Signing up with your email
Click the Sign up with email button.
Next, enter your real email address. Yes this is required. You can’t put in a dummy email address as it will fail after you sign up. Below is just a placeholder address for getting a screenshot.
Next, it will allow you to create the password.
After you login with the newly created credentials, you will see the dashboard that looks like the following.
Configuring Checkmate Monitors
You can then create new monitors by choosing:
- Website monitoring
- Ping monitoring
- Docker container monitoring
- Port monitoring
Each monitor provides real-time status updates, historical downtime tracking, and customizable settings.
For example, configuring a monitor for a simple web service includes setting the target URL and the expected HTTP status (usually 200 OK). Checkmate will initiate HTTP checks and logs successes and failures. This will immediately trigger a notification through your configured webhook if you have this setup.
Below is a screenshot of the demo environment that Checkmate has up and running just as an example of what a fully populated dashboard might look like.
Integrating notifications and webhooks
Checkmate leverages webhook technology for notifications, allowing simple integration with numerous messaging and automation platforms. For instance, if you use Slack or Discord, creating a notification webhook is straightforward:
- Create an incoming webhook in your messaging app.
- Copy the webhook URL.
- Configure Checkmate to send alerts to this webhook.
Whenever an issue arises, Checkmate instantly sends a notification, ensuring you’re informed without delay.
Automation and REST API
Checkmate has a REST API endpoint that allows retrieving monitors, and incidents. You can also configure notification settings using the REST API. This is great for automation and provisioning monitors automatically..
You can use automation tools like Terraform, Ansible, or custom scripts to create, modify, or delete monitors automatically based on your infrastructure provisioning workflows.
Maintaining and updating Checkpoint
One thing I love about Docker is the ease of maintenance and updates. Running the following commands fetches the latest container images and applies updates without losing existing configurations or historical data:
docker compose pull
docker compose up -d
Practical Use Cases for Checkmate
Checkmate is versatile, making it an excellent fit for numerous use cases:
- Home Labs: for most reading this, this is one of the most popular use cases
- Small Businesses: small businesses can also benefit with internal APIs, and SaaS integrations.

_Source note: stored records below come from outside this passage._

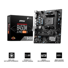 The MSI B450M-A PRO MAX II motherboard delivers robust support for a wide range of AMD Ryzen™ desktop processors, including the 5000, 4000, 3000, 2000, and 1000 series, as well as Athlon™ with Radeon™ Vega Graphics. It supports high-speed DDR4 memory up to 4133 MHz (OC) and features Turbo M.2...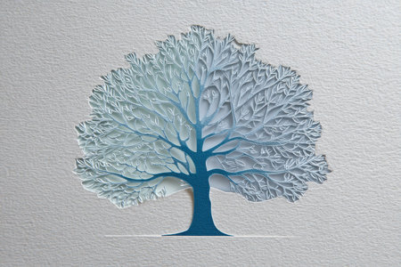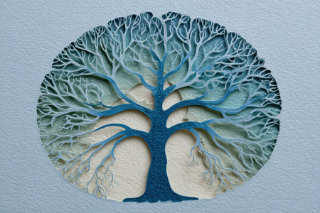 A stunning paper cut artwork featuring a tree design with intricate branches and roots, showcasing artistic details in blue tones against a textured background.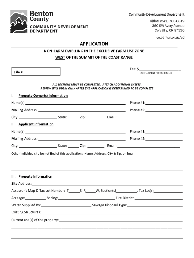 Community Development Department Office: (541) 7666819 360 SW Avery Avenue Corvallis, OR 97330 co.benton.or.us/cdAPPLICATION NONFARM DWELLING IN THE EXCLUSIVE FARM USE ZONE WEST OF THE SUMMIT OF THE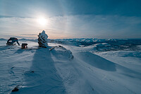 Startet fra Ålesund kl 07 i morges og parkerte ved langrennsløypa i dalen hvor det var oppkjørte løyper til Grytalisætra (1.6 km). Herfra ble det offroad i en halvmeter pudder. Rundet Blåfjellet og tok sikte mot ryggen opp til Sunnmørslauparen. Vi valgte venstre side og kom til et platå hvor utsikten åpnet seg mot Lauparen. Herfra så den rimelig brutal ut og vurderte om vi valgte riktig topp i dag. Fortsatte til fots med stegjern pga hardbanka is til Sunnmørslauparen. Det ble en god del vind resten av turen. Skled ned til bunnen av skaret og parkerte skia. Ryggen begynte relativt greit, men ble ganske smal på noen partier. Da det var ca 150 hm igjen måtte vi traversere over et renneparti stappfullt av snø. Gravde en snøprofil, men fant ingen svake lag. >>>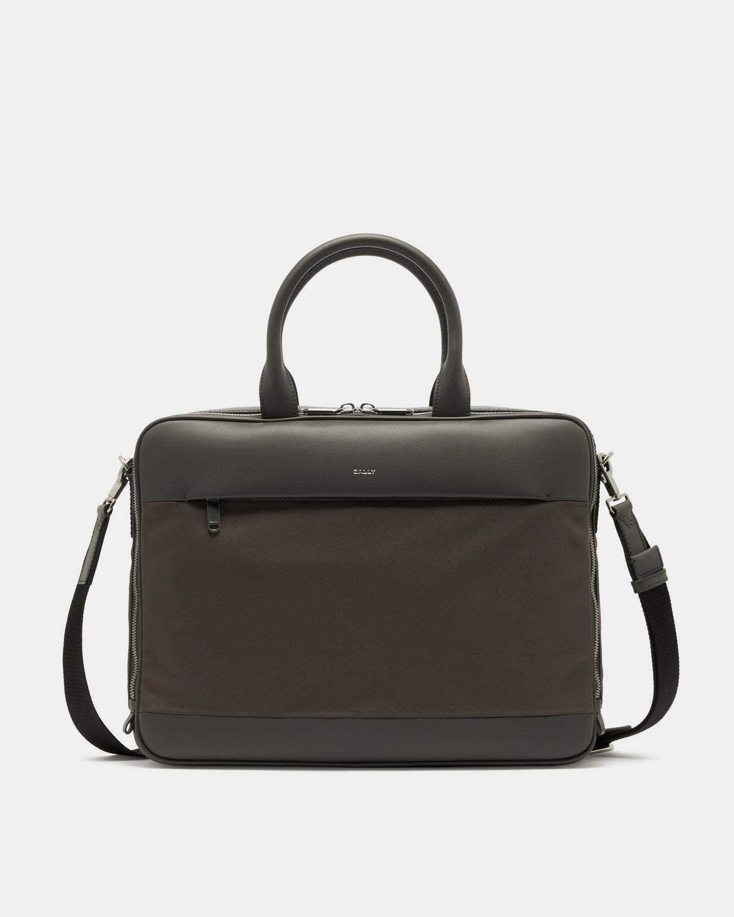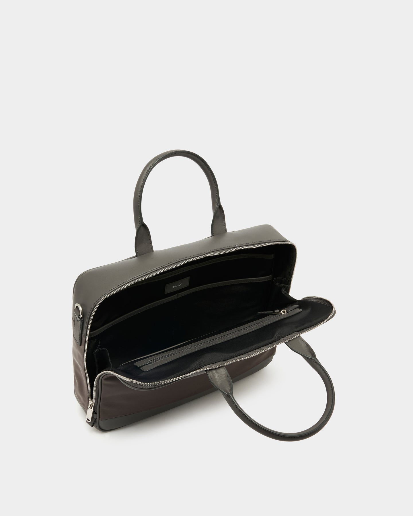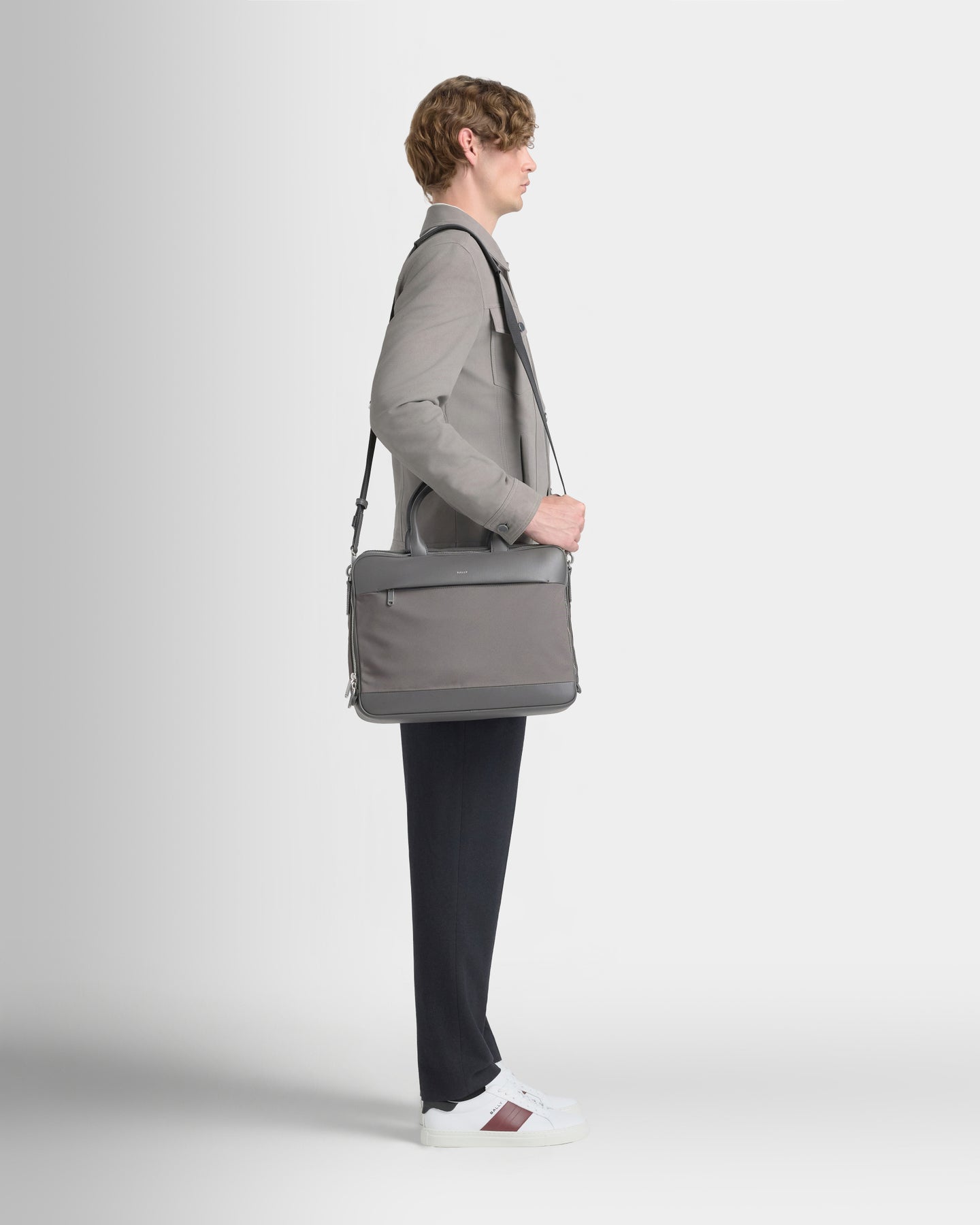 以灰色尼龍結合再生牛皮製作,外型俐落且結構清晰,專為高效率的日常通勤與差旅需求而設計。雙隔層配置讓收納更加有序,可妥善放置筆電與各式隨身物品。手提把、可調式肩背帶與背面行李箱固定套帶,提供多元攜帶方式,兼顧實用性與行動便利性。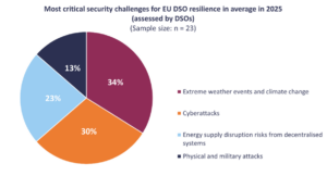 Figure: Most critical security challenges for EU DSO resilience in average in 2025 (assessed by DSOs). Data based on a survey conducted in DSO Entity’s CEG in 2025.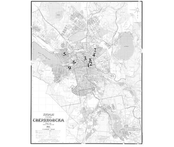 Карта г. Свердловска с указанием мест исчезновения детей в 19381939 гг. Точками обозначены места: «1» похищения 12 июля 1938 г. Герды Грибановой, «2» попытки похищения 10 февраля 1939 г. Бори Титова, «3» покушения на убийство 1 мая 1939 г. Раи Рахматуллиной, «4» похищения 12 июня 1939 г. Али Губиной, «5» похищения 30 июня 1939 г. Риты Ханьжиной, «6» похищения 22 июля 1939 г. Вали Камаевой, «7» похищения 27 июля 1939 г. Лиды Сурниной, «8» похищения 20 августа 1939 г. Ники Савельева и «9» исчезновения 12 сентября 1939 г. Вовы Петрова. После похищения в августе в Сталинском районе Ники Савельева преступник вновь вернулся в западную часть города, в район поселка Верх-Исетского завода. Видимо, он регулярно бывал в прилегающих к месту похищения кварталах, вполне вероятно, там жили его родственники, либо ему приходилось там появляться по делам работы или учебы. Во всяком случае, существовала веская причина (возможно, даже не одна!), способная правдоподобно объяснить знакомым и родственникам регулярные появления преступника в западной части города. Примечательно, что активность злоумышленника не распространялась на районы Свердловска к северу и югу от Сталинского. Причин тому могло быть несколько и самая очевидная из них худшая транспортная доступность северной части города, связанной с центром длинной петляющей трамвайной линией, по которой в 1939 г. был пущен только один маршрут.
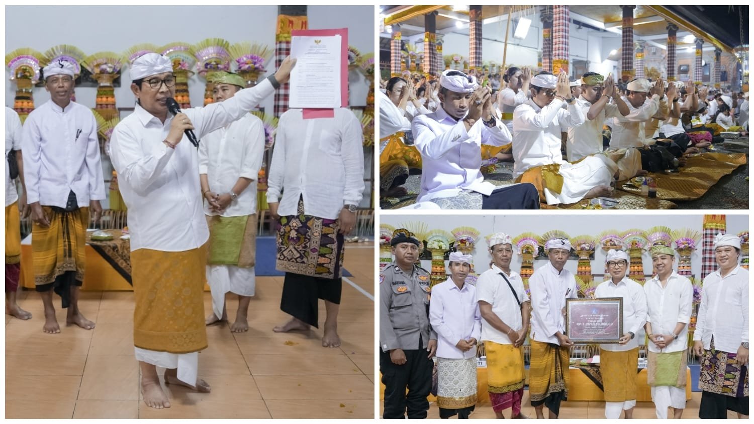 BADUNG, MataDewata.com | Bupati Badung, I Wayan Adi Arnawa menghadiri Karya Nyatur Padudusan Alit di Pura Ulun Siwi, sekaligus menyerahkan bantuan hibah tanah, hibah perubahan tahun 2025 sebesar Rp1,2 miliar lebih dan punia sebesar Rp20 juta kepada Banjar Kedampal, Kamis (9/10/2025) di Pura Ulun Siwi, Banjar Kedampal, Desa Abiansemal Dauh Yeh Cani, Kecamatan Abiansemal, Badung. Turut mendampingi Anggota DPRD Badung, I Putu Dendy Astra Wijaya; Camat Abiansemal IB. Putu Mas Arimbawa serta Tripika Kecamatan Abiansemal, Perbekel Desa Dauh Yeh Cani I Made Budiana, Prajuru Adat dan Dinas Desa Abiansemal Dauh Yeh Cani, Tokoh serta masyarakat setempat.

- Development Teams: Integrate Checkmate with continuous deployment pipelines
- Managed Services: System integrators can centrally monitor client infrastructure and services and configure alerts and notifications.
Wrapping up
I think Checkmate is a great solution for monitoring for those that are already used to Uptime Kuma and similar uptime monitoring solutions. It provides a fresh new look over something like Uptime Kuma and has some neat features compared to that as well. Most with home labs will appreciate what it can do for your environment. Let me know in the comments if you have already stood up Checkmate in your environment.

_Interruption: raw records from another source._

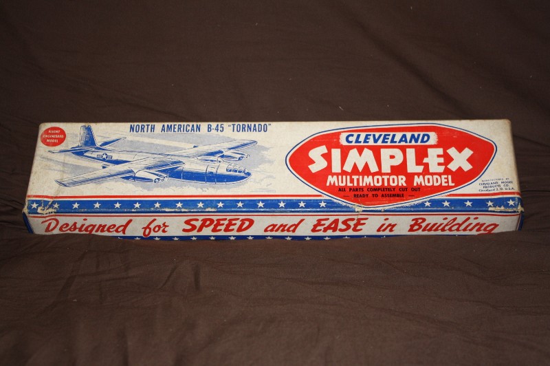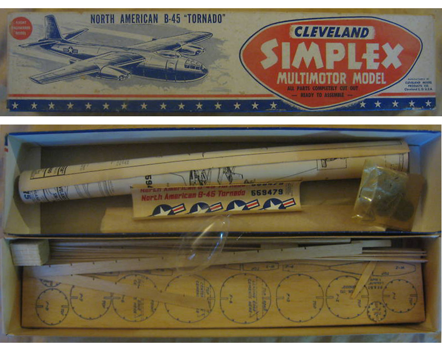 As far as model making is concerned, the general notion of a tissue-covered balsa frame does not serve modern jet-powered airplanes very well. In general, the best subjects for balsa modeling are those where the actual construction mirrors the balsa construction. The particular kit shown below is from the Simplex series that Cleveland brought out in the mid-1950s. The Cleveland company thought that declining sales were due to the reluctance of Boys to cut the parts out of balsa. This series featured pre-cut parts that were assembled by the modeler. From my own perspective, balsa modeling did not seem appropriate for jet aircraft. However, as America's first jet bomber, the B-45 is certainly a worthy subject for modeling.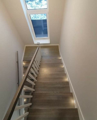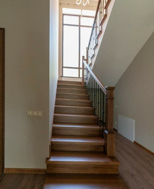 • Подоконники — из массива дерева, в цвет лестницы или пола. Чистовая подгонка, тонировка в цвет лестницы, скрытый крепёж.
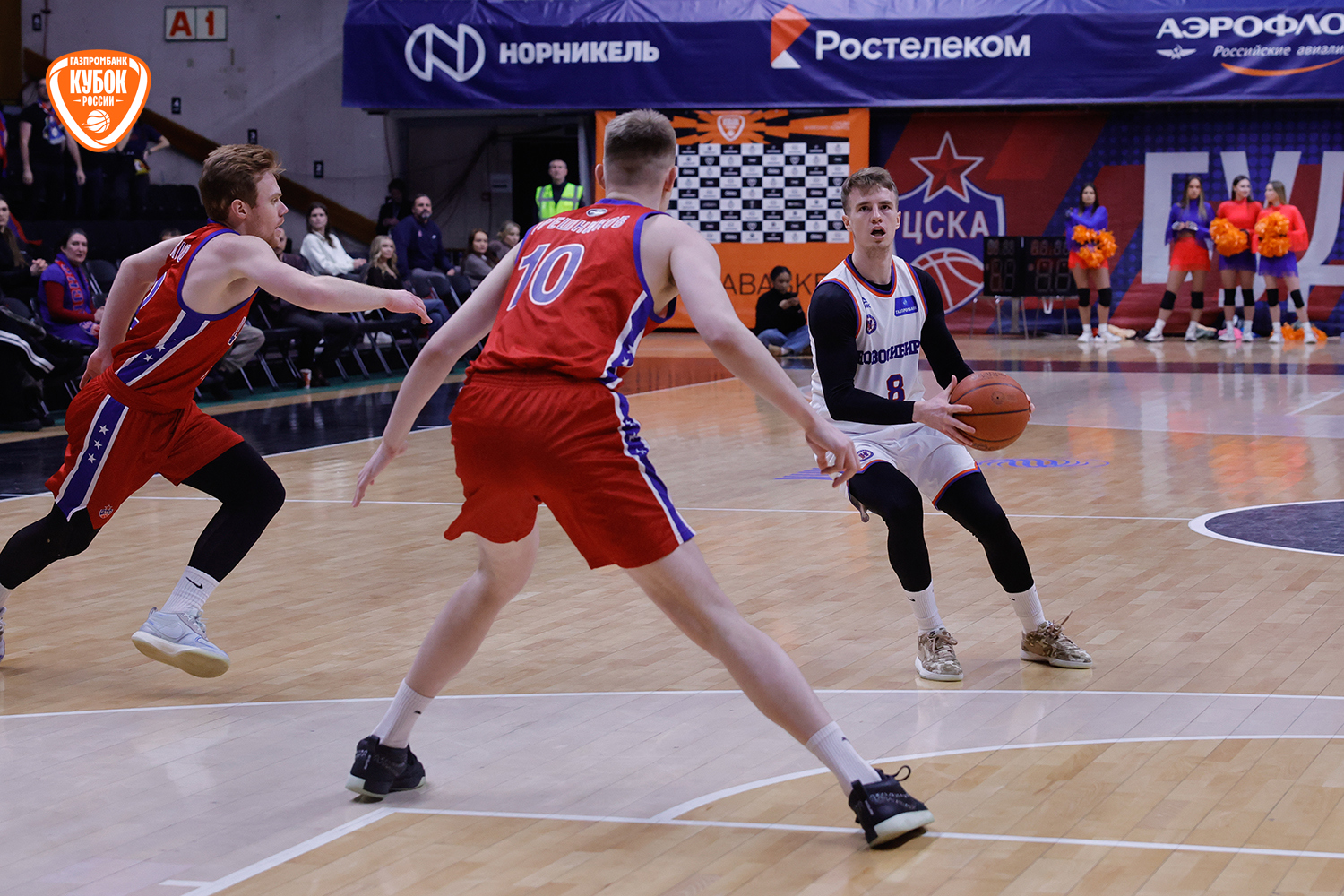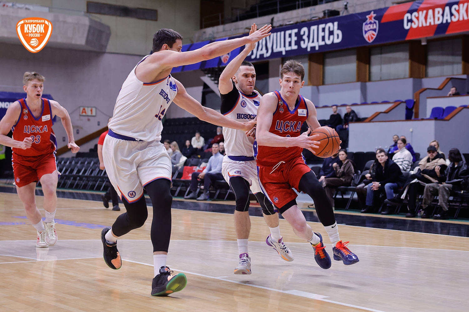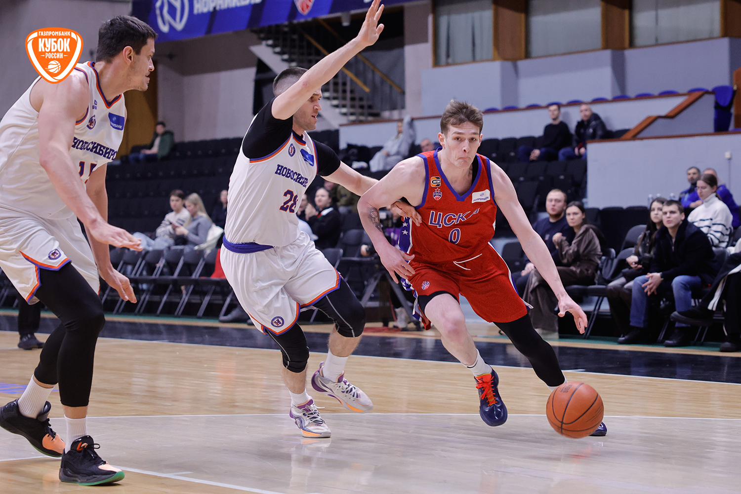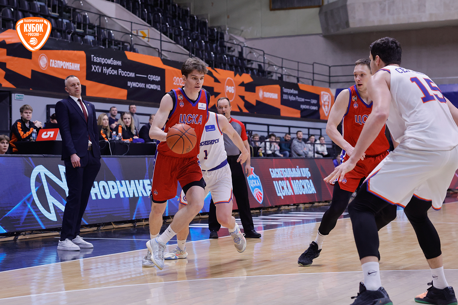 Красно-синие с первых секунд вышли максимально заряженными, сходу обозначив свои намерения. Егор Покинко взял игру на себя и открыл матч стремительным рывком 5:0, задав высокий темп встречи. Однако «Новосибирск» быстро погасил стартовый пыл хозяев, сравнял счет, а после точного броска со средней дистанции Артема Комиссарова гости и вовсе вышли вперед. С выходом Ивана Зайцева и Даниила Ключенкова армейцы стали действовать собраннее и увереннее, плотнее защищались и навязывали борьбу на каждом участке паркета. Красно-синие ненадолго выходили вперед, но новосибирцы тут же нивелировали отставание. «Трешка» Ярослава Никонова под занавес четверти «взорвала» трибуны, однако Комиссаров ответил тем же. Итог стартового отрезка - 19:17.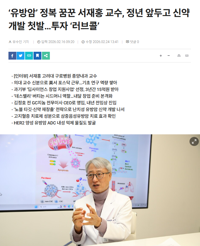‘유방암’ 정복 꿈꾼 서재홍 교수, 정년 앞두고 신약 개발 첫발…투자 ‘러브콜’

They have some unique features like measuring wep page speed with google api but they have long way to go.
Onur,
Thank you for the comment! I agree. The features are fairly basic at this point, but definitely see the potential of the framework.
Brandon
I agree that it is beautiful and promising, but unfortunately not ready at all. My detailed uptime is plain wrong and every day I lose all my monitors and manually have to log out and back in again. I will continue to check back on them.
Hi Brandon,
Thanks for this ! I give it a try and it’s very interesting.
But I did,not find anything about the webhooks to link with Rocket.Chat per instance… Neither the ability to specify the expected HTTP status like you said.